*** Begin section ***

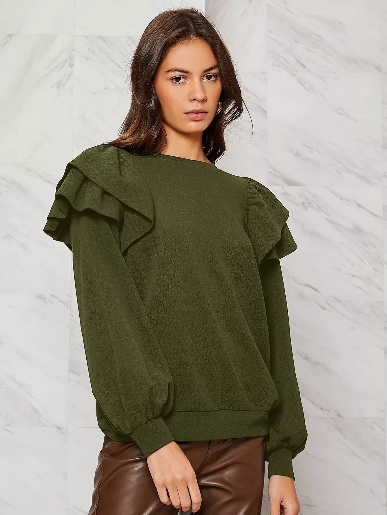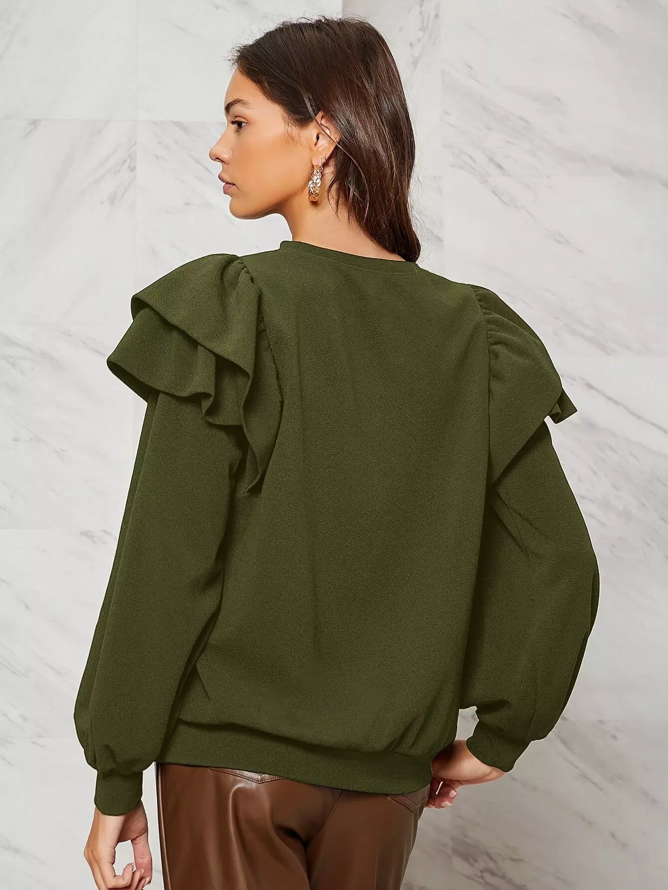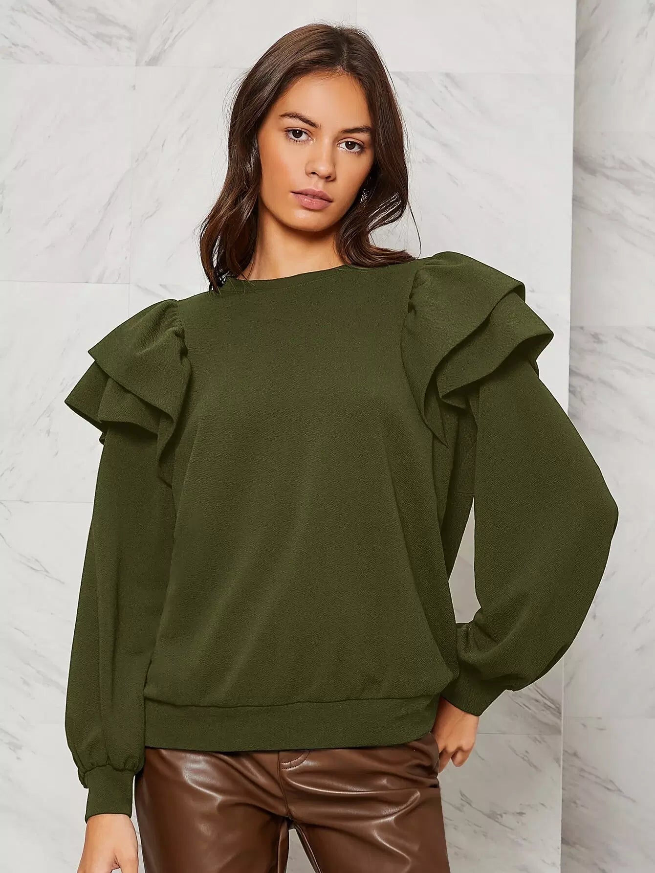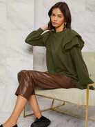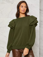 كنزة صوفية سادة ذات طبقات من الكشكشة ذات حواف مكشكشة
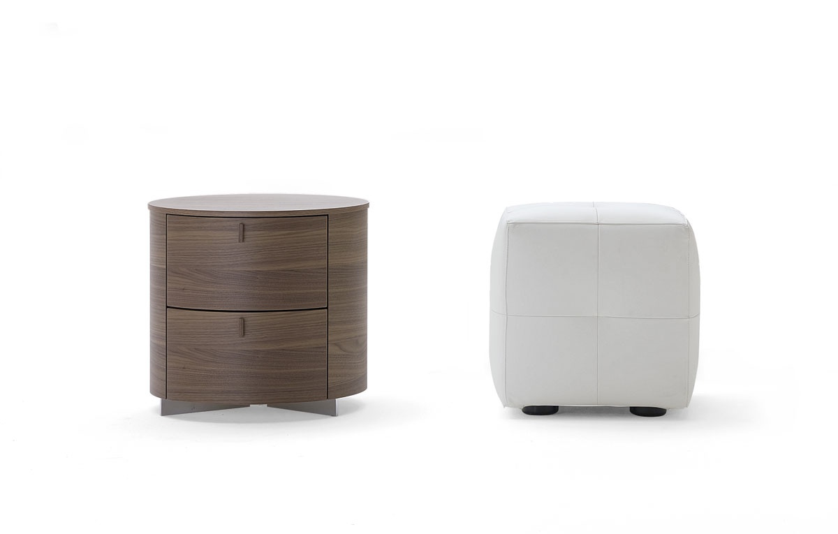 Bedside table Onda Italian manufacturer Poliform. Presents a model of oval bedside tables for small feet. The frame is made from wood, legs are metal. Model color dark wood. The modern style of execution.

*** End section ***
*** Begin section ***

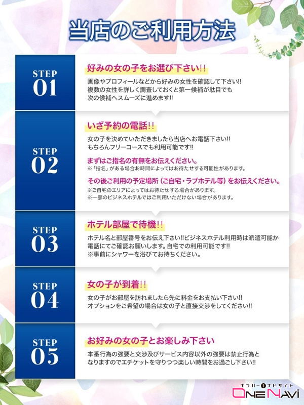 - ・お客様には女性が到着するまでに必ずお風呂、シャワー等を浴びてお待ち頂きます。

*** End section ***

→ **Directions for this task**
Exact repeat of the material above: every line from the one with "كنزة صوفية سادة" through the one with "Bedside table Onda", endpoints included, and nothing more. No pictures.

→ **Task answer**
 كنزة صوفية سادة ذات طبقات من الكشكشة ذات حواف مكشكشة
 Bedside table Onda Italian manufacturer Poliform. Presents a model of oval bedside tables for small feet. The frame is made from wood, legs are metal. Model color dark wood. The modern style of execution.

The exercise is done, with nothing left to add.